The following year the beans didn’t germinate at all. Like the car-rots, they simply boycotted the event. The row lay there, indifferent to sun and rain, like slightly raised scar tissue. One could imagine getting down on all fours and placing an ear against the ground to hear what might be going on there behind the locked door of the beans’ renunciation. But there would only be a capacious silence, as if the beans, turned inward after that year of sterile profligacy, were meditating on cushions. They were not going to answer that door. They, too, might themselves be listening at another locked door.
It was only a matter of time before the corn and the squash and the chilies, lonely without the beans, all followed suit. They, too, put on a startling display one year before giving up the ghost the next. One had to suspect what was coming as one gazed on a row of beautiful, deep green corn, tall and lusty and almost blue as a tropical sea, tassling lasciviously and then bearing no issue. The gardener must have gazed across the corn with the despair of a thirsty wanderer who realizes that the desert oasis is nothing but a mirage.
Finally, all the crops joined the strike. Replacement seeds — new and supposedly improved strains from distant laboratories-were trucked in as a situation one might first consider an irritant became a question of consternation, growing unease, a sense of peril and outright cataclysm. But the seeds fared poorly. Some germinated only to be mowed down by obscure plagues. One hardy little tomato plant would catch a blister or blight start to sniffle, and overnight all would be struck down with a biblical violence. The engineered seeds were too perfect, too uniform, too docile. One might imagine them smiling identically in the conditioned optimism, all of them properly inoculated, all unblemished, all sporting the same smartly creased and starched jump suits, all shouldering their tools, all blissfully daydreaming to the same piped-in music. But then would come a ripple in the smooth surface of things, and brutish, muscular insects would arrive, scarred and hirsute; or sly viruses would infiltrate the crowd like pickpockets; and the manufactured seeds and plants would grow even more pale than they were made, wither and crumple all at once.

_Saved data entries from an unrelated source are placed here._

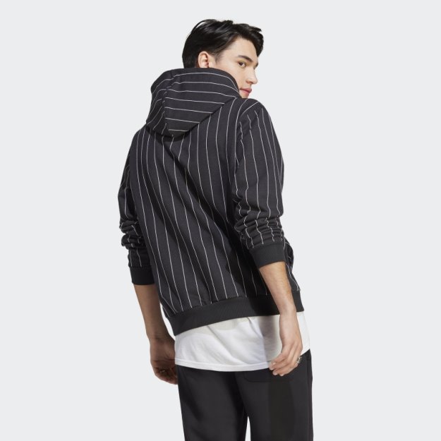 Adidas Crna Majica S Kapuljačom Od Flisa Na Pruge
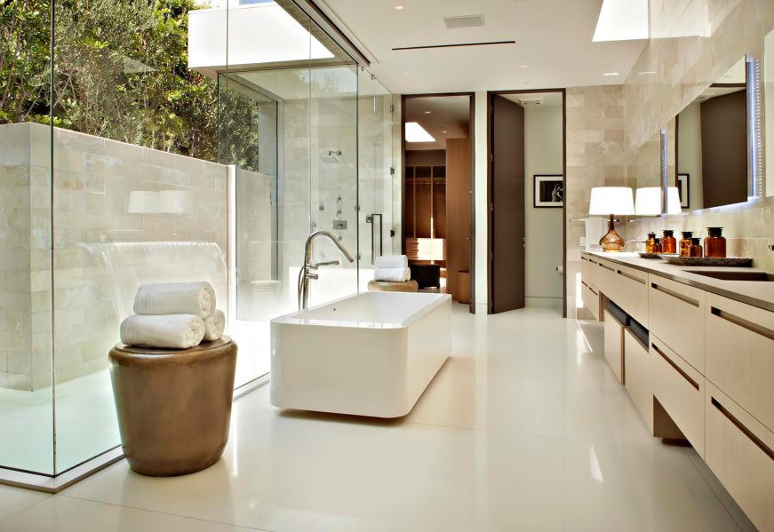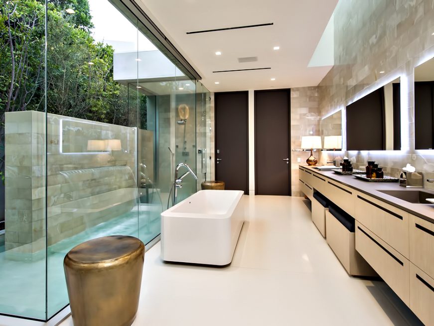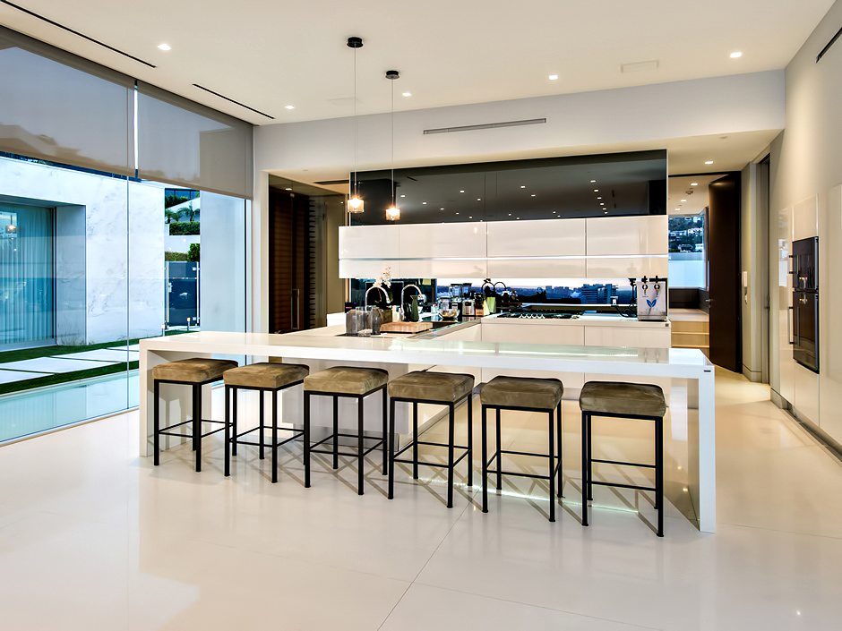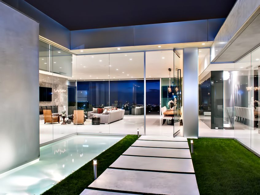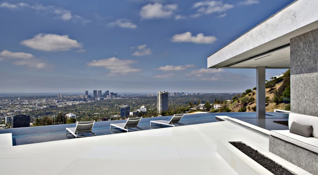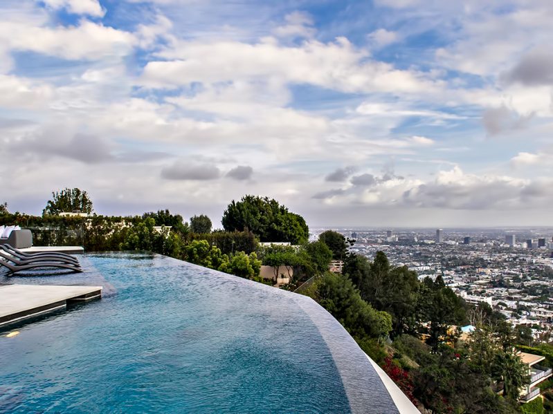 Magnificently architected, this 5-bedroom, 9-bathroom modern masterpiece is the quintessential Los Angeles trophy home. Walls of glass slide into pockets to frame unobstructed jaw-dropping views across the entire city below. Walls of glass slide into pockets to frame unobstructed views of the entire city. As you look over the knife-edge pool and spa, you will feel like you are floating in the most breathtaking of master suites. Each bedroom and bathroom boast unique, top-of-the-line finishes with no expense spared. Downstairs you will enjoy the industry standard theater, a full bar area and access to an underground parking garage for 6 vehicles.
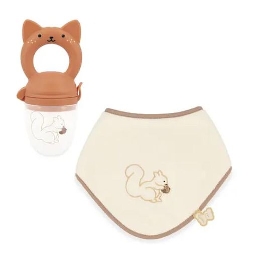 Ce coffret bavoir et grignoteuse est pensé et concu pour accompagner bébé dans ses premières découvertes gustatives. Le coffret est composé d'une grignoteuse, permettant d'y introduire des morceaux de fruits ou de légumes afin de développer la diversification alimentaire de bébé. La grignoteuse écureuil, éveille en douceur l'envie de mâcher de bébé et l'aide à explorer les saveurs à son rythme en toute sécurité. La forme ergonomique et ludique stimule la motricité tout en soulageant les gencives lors des poussées dentaires. Un bavoir en coton accompagne ce coffret avec une jolie broderie écureuil qui protège ainsi bébé avec douceur. Bavoir : Lavable en machine à 30°C, Grignoteuse : Lavage en surface uniquement. Dès 6 mois.
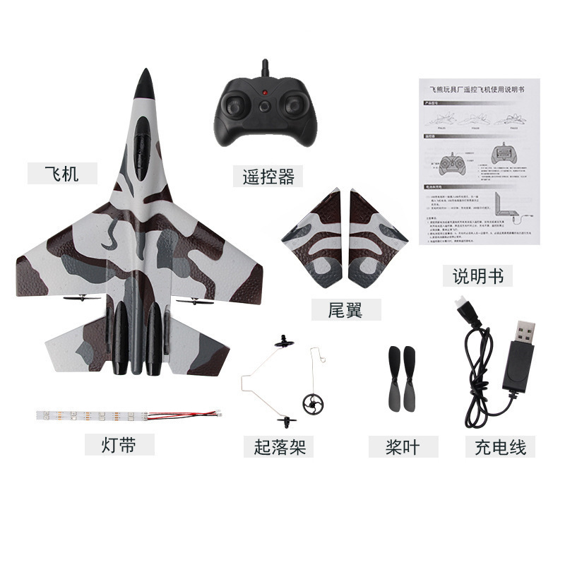 产品明细:飞机*1个,遥控器*1个,锂电池*1个,灯带*1对,起落架*1套,备用螺旋桨*1对,USB充电器*1个,中英文说明书*1本。
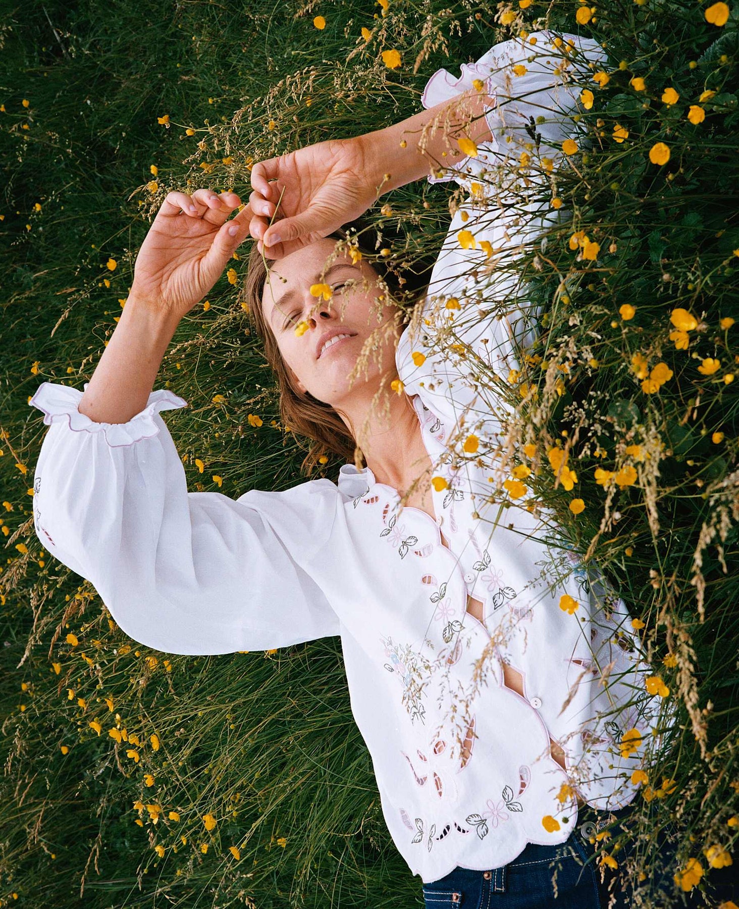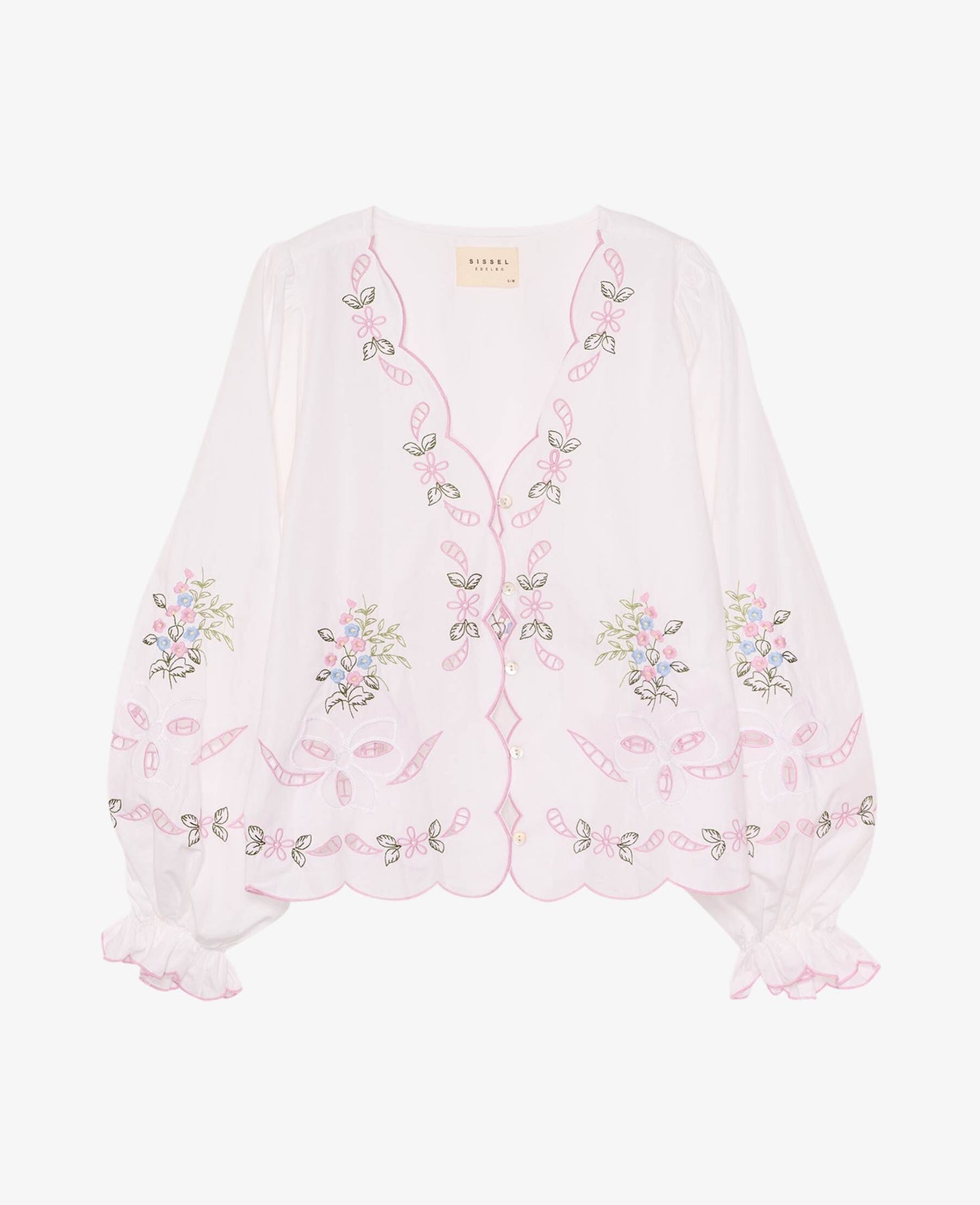 Hvid top fra Sissel Edelbo med pastelfarvet blomsterbroderi på fronten og ærmerne. Toppen har en løs pasform og lange ærmer.

Gradually it became clear that whatever it was the carrots had initiated was now more than a limited refusal. Rather, an entirely new regime had emerged, and qualitatively different conditions were now in place. Leaving the tools hanging in their storage shed, hoses coiled and the granary empty, the gardener moved on, actually becoming the tattered, hungry beggar that had been a flickering apparition in a dream that season when the carrots began, obscurely and tentatively, to turn everything upside down.
Emblem of that shadowy vagrant disappearing on the horizon only the scarecrow remained, its weathered frock flapping exhausted in the gentle wind, a twisted, wiry arm pointing away at nothing.